As ambassador he represented the internationally respected Shamir-Peres unity governments; his successful reforms as finance minister would never have happened without the enthusiastic backing of Tommy Lapid and his Shinui faction; and Netanyahu’s second and third governments, when he established himself as a world figure, were buttressed by Labor and Yesh Atid, respectively.

The fourth electoral victory sparked hubris and restored the conceit of Netanyahu’s first premiership, when he accused “people on the Left” of “forgetting what it is to be a Jew.”

THE TWIN defacements of “the Left” and “the media” hark back to Nixon’s legacy, but they now are part of a broader attack.

No, Netanyahu’s charge that the press is staging a coup does not match the mass arrests of journalists in Turkey or their assassinations in Russia. It does, however, fit in with Donald Trump’s character assassination of us journalists as some of “the most dishonest beings on earth.”

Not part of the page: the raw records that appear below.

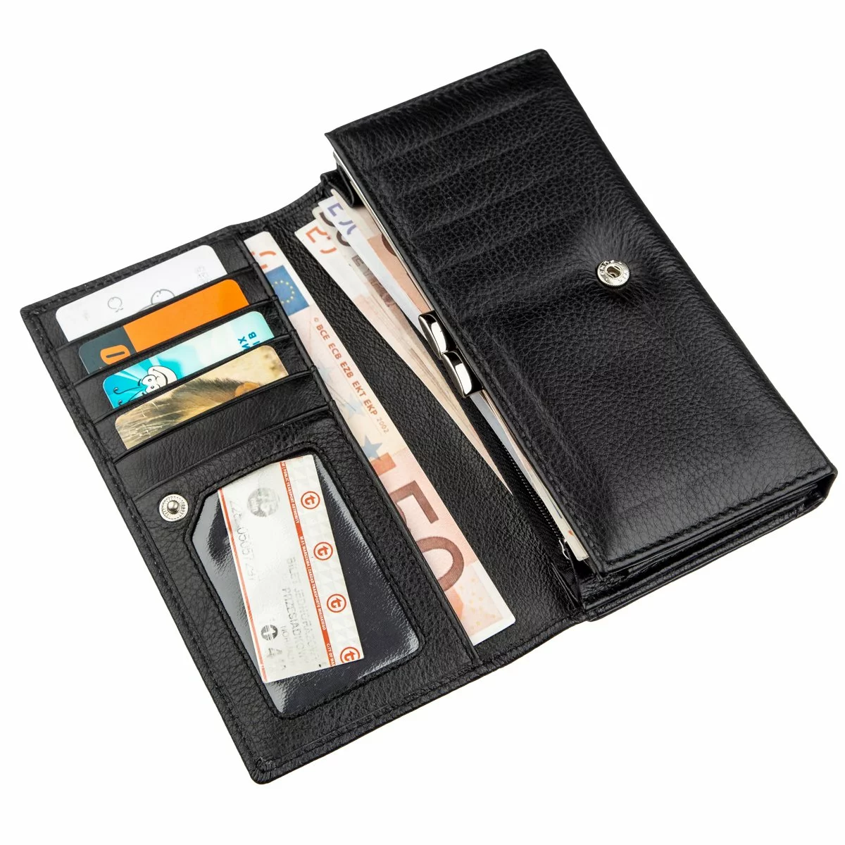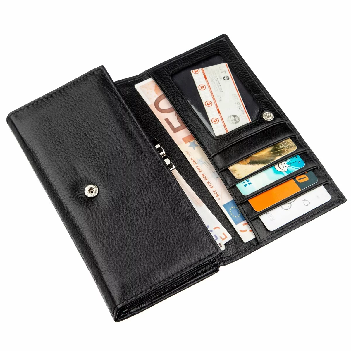 Превосходный женский кошелек из натуральной кожи высочайшего качества, которая прослужит Вам долгое время. Имеет мягкую и нежную на ощупь зернистую фактуру. Цвет изделия – черный, который по всеобщему признанию является самым практичным. Внутри кошелька расположено три основных отделения, монетница на металлической защелке, прозрачный карман для фото и отделения для карт. На тыльной стороне – визитница на одиннадцать карманов и потайное большое отделение. Закрывается визитница на кнопку, которую можно регулировать по длине. При покупке данный аксессуар упакован в картонную фирменную коробку.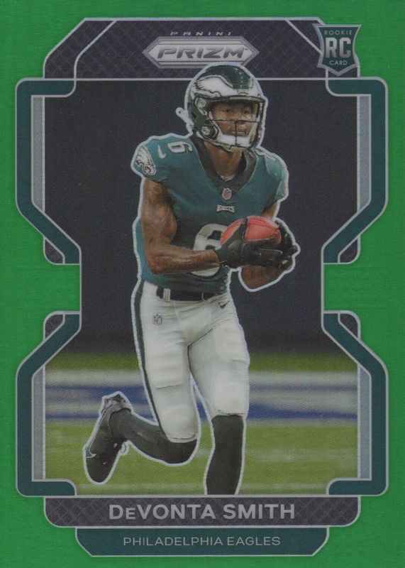 The DeVonta Smith 2021 Prizm #335 Green Rookie card in Raw condition has moved up $0.31 (+4.9%) in the last 30 days and was last sold for $6.58 .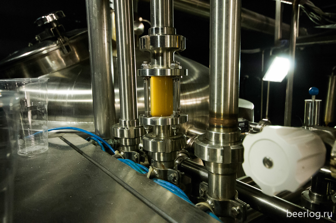 Тем не менее, варку удалось завершить, в самом конце внесли еще гвоздику и вторую часть кориандра. Опять-таки с большими нагрузками для насоса перекачали сусло в вирпул, начальная плотность составила 11,5%, как и было запланировано в соответствии с рецептом.

That is what Trump and Netanyahu think today, and what Nixon thought yesterday, of us struggling journalists and our embattled vocation. We, of course, see things differently. We think we are walking in the footsteps of Moses, Elijah and Jeremiah, who, despite lacking money, troops and servants, spoke truth to power at great personal cost.

It is in the spirit of their legacy that we say today what our predecessors told Nixon in his time, and what Humphrey Bogart, in the 1952 film Deadline – USA, told the mobster who asked “What’s that noise?” as Bogart, in the role of an intimidated newspaper editor, lifted the telephone receiver into the newsroom’s air, which was filled with typewriters’ staccato:

“That’s the press, baby,” he said, “and there’s nothing you can do about it.”